- WORK REQUIRED
Of the lines in the material below, print only those from the one containing "基于前述数据流程图,我们设计" to the one containing "TIP: You can", ends included, exactly as written and without pictures.

- EXTRACTED INFORMATION
»»

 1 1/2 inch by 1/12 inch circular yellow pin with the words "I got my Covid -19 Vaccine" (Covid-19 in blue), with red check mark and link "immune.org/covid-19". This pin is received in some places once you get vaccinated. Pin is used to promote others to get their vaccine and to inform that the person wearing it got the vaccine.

««
»»

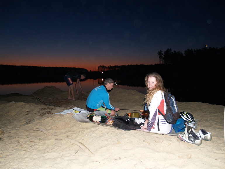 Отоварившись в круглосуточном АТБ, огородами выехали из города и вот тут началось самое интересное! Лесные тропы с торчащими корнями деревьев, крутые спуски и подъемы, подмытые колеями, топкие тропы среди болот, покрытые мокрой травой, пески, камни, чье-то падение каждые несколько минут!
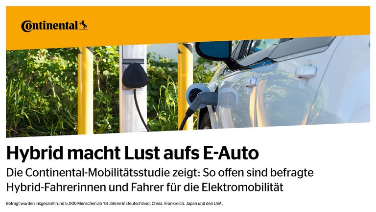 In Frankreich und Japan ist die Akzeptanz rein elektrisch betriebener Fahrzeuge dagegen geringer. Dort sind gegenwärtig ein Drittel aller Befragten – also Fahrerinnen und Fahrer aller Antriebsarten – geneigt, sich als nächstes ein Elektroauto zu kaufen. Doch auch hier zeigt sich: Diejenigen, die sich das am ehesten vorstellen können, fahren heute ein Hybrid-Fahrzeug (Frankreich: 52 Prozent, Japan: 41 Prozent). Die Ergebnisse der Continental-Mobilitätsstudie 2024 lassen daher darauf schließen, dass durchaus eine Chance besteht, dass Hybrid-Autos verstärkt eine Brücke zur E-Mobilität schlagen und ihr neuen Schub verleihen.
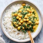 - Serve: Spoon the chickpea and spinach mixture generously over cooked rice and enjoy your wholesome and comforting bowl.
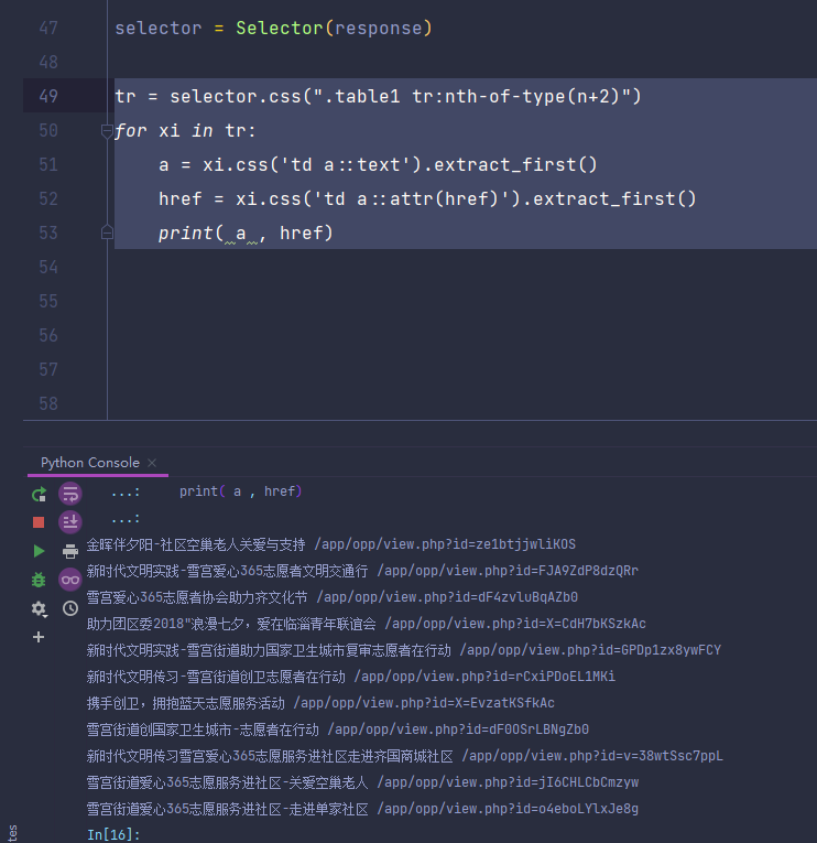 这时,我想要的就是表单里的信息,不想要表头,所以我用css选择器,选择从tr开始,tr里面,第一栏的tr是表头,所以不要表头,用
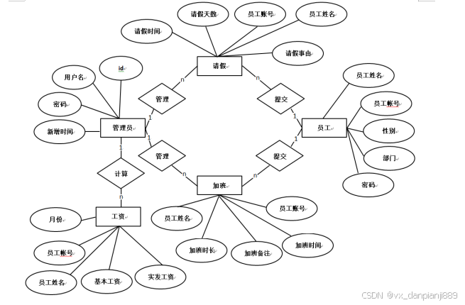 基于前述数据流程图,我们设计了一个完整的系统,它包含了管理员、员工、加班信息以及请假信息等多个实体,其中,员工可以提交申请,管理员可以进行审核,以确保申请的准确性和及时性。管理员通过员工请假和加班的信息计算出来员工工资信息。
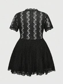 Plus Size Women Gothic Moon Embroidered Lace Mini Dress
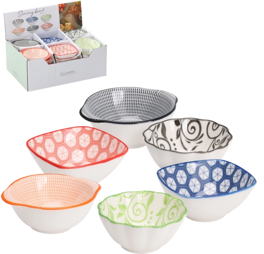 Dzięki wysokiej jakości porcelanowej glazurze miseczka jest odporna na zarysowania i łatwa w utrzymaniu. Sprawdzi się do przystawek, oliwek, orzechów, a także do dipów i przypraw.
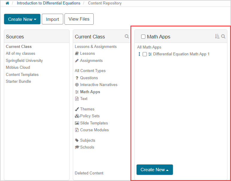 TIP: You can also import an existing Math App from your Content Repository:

««

- TASK RESULT
 基于前述数据流程图,我们设计了一个完整的系统,它包含了管理员、员工、加班信息以及请假信息等多个实体,其中,员工可以提交申请,管理员可以进行审核,以确保申请的准确性和及时性。管理员通过员工请假和加班的信息计算出来员工工资信息。
 Plus Size Women Gothic Moon Embroidered Lace Mini Dress
 Dzięki wysokiej jakości porcelanowej glazurze miseczka jest odporna na zarysowania i łatwa w utrzymaniu. Sprawdzi się do przystawek, oliwek, orzechów, a także do dipów i przypraw.
 TIP: You can also import an existing Math App from your Content Repository:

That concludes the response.